Boston University President’s Salary Tops Schools in Region

Robert Brown earned nearly $2.5 million in 2015, according to the most recent tax filings.


For the third year in a row, a Chronicle of Higher Education analysis revealed Boston University President Robert Brown out-earned every other private college leader in Massachusetts.

In 2015, Brown took home $2.48 million, more than double what he earned in 2014. Brown’s nearly $900,000 base salary was supplemented by over $1.3 million in other pay and roughly $268,000 in non-taxable income, according to the most recent tax filings. The university said in a press release that the vast majority of Brown’s spike in earnings—roughly $1.2 million—is the result of a one-time payout the president took from a supplemental retirement plan. The total reported amount also includes the rental value of the president’s Sloane House residence.

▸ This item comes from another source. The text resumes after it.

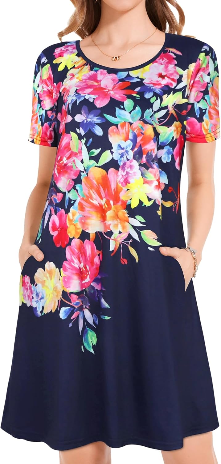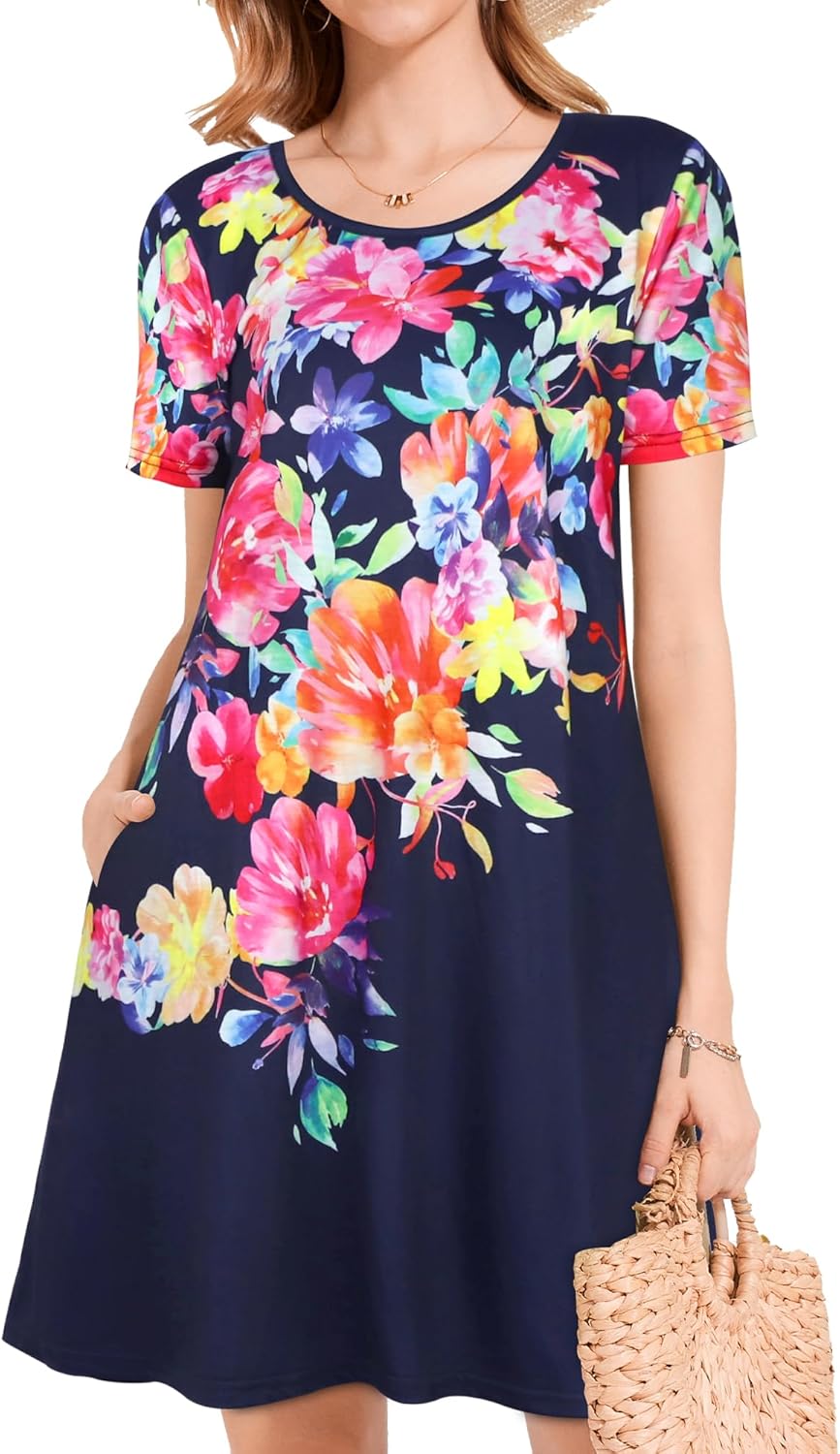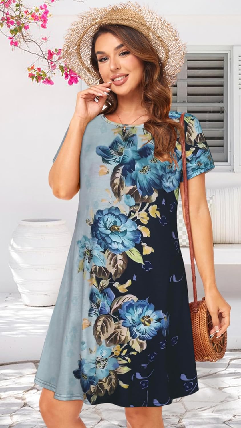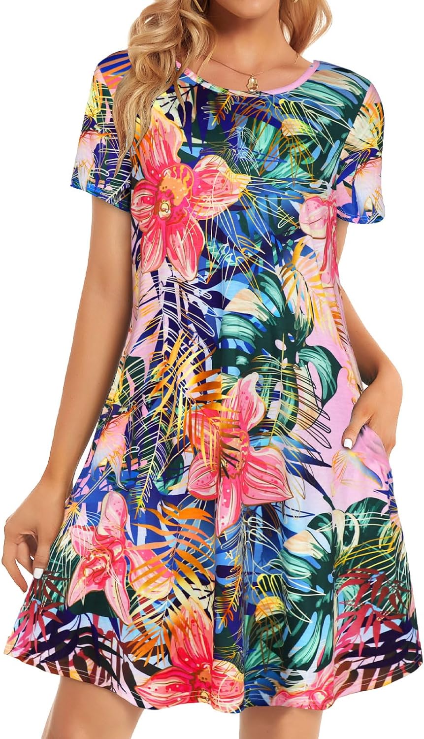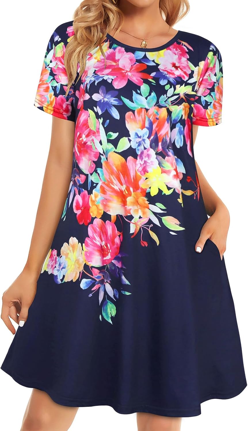 Womens Summer Dresses Beach Casual Loose Tshirt Floral Short Sleeve Flowy Pockets Sundresses

Brown’s earnings make him the seventh-highest paid private college president in the country and one of just 10 leaders who took home over $2 million. Nathan Hatch, the president of Wake Forest University in North Carolina, tops the list, taking home a staggering $4 million in 2015. James Wagner of Emory University and C.L. Max Nikias of the University of Southern California round out the top three and earned more than $3.1 million each.

Though none of the other private school presidents in Massachusetts earned their way into the $2 million club, they’re probably not pinching pennies, either. Three other leaders had seven-digit earnings in 2015: Harvard President Drew Faust, who will retire at the end of the school year, earned $1.57 million; Northeastern President Joseph Aoun notched $1.45 million; and MIT President L. Rafael Reif took home $1.03 million. Roughly 60 private school leaders across the country earned more than $1 million in 2015.

Brown’s salary is determined each year by BU’s Board of Trustees, and Steve Zide, the chair of the trustees compensation committee, said the president’s large check reflects the change he has affected during his tenure: “The BU of today is in many important ways a different school from the BU of 2005,” Zide said in the press release. “He has been a very successful leader.”

The data is released in the midst of financial uncertainty in the higher education sector. The federal tax overhaul making its way through Congress includes a number of provisions that would affect universities, including taxes on graduate student tuition and the largest endowments in the country. The bill has been largely panned by university leaders.